Жемчужиной мы называли ту близость, легкость, простоту и открытость в наших отношениях, какая сразу установилась у нас.
Но беда была в том, что я уже хотела других отношений, что мне страшна и не нужна была жизнь без них, что, может быть, даже компромиссную, закулисную любовь я приняла бы от него, только бы не расставаться. И то, что он предрешил расставание, что мог мыслить жизнь свою без меня, нанесло мне тяжкое оскорбление; и оно же было исцелением раны, нанесенной встречей с Андреем Ивановичем, и последней строчкой в эпилоге нашего трехлетнего романа. Мы встретились еще раз на Пироговском съезде, но тут стало для нас ясно, что и дороги, и сердца у нас разошлись в разные стороны и стали мы чужими.
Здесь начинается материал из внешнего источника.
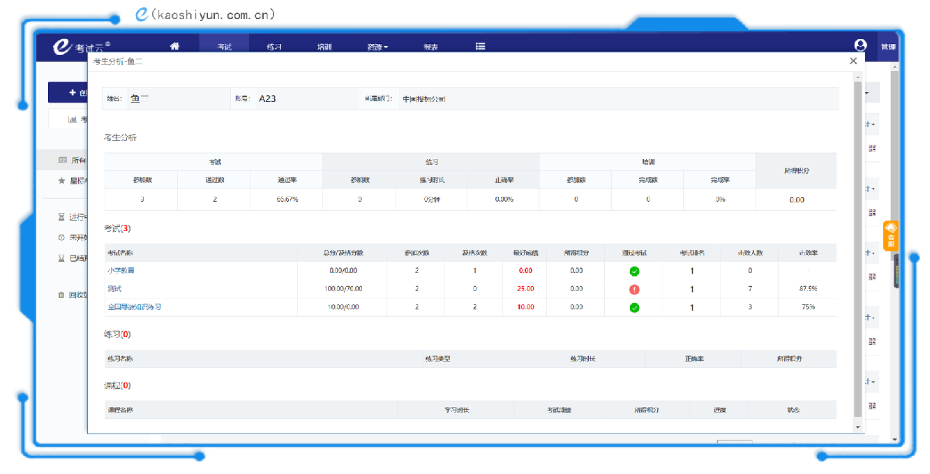 系统把考生参加过的考试情况汇总,可以直接看到考生参加过的所有考试的详情,如成绩、排名等数据。通过对参考人员数据的分析,更有利于老师了解每个学生的学习情况。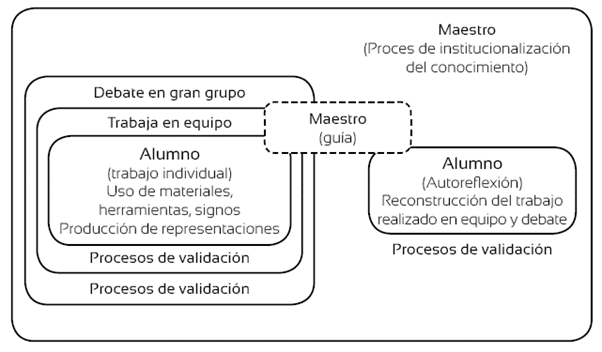 Etapa 5. Institucionalización del conocimiento. Procesos de institucionalización y uso de representaciones institucionales. En esta etapa, el maestro resume los resultados de los equipos, muestra la evolución de las representaciones espontáneas que emergieron en las etapas anteriores y discute su eficacia antes de introducir las representaciones institucionales y los procesos correctos.

И только один раз, в 18-м году, в Киеве, когда я узнала, что Андрей Иванович погиб от ножа убийцы[253], я испытала жгучую горесть и целые сутки чувствовала себя как бы вдовой его. Только одни сутки.
Да еще вот в снах изредка вижу его лицо, склоненное ко мне в звездной темноте степной ночи (как было однажды). И что-то вроде тех слов, какие он сказал, – забытой молодой всеозаряющей радостью пройдут через память сердца: “Зачем звезды, когда так близко ваше лицо. Посмотрите же на меня своими ясными зореньками…”
16 ноября. Ночь. Красные ворота
Печальная весть: заболел психически Герман – Е. Г. Лундберг. За что-то его арестовали в Тифлисе, подержали несколько месяцев в тюрьме. Он не вынес испытания (плохие всегда были нервы). Заболел психически. Мания преследования. Когда он сидел в Петропавловке[254], он также близок был к психозу. Я писала ему каждый день открытки. Он под конец отвечал что-то нервно-сумбурное. В освещении психопатической конструкции его, которая теперь только вполне осозналась, легко должны отпуститься ему все прегрешения его против дружественности и против общепринятой морали.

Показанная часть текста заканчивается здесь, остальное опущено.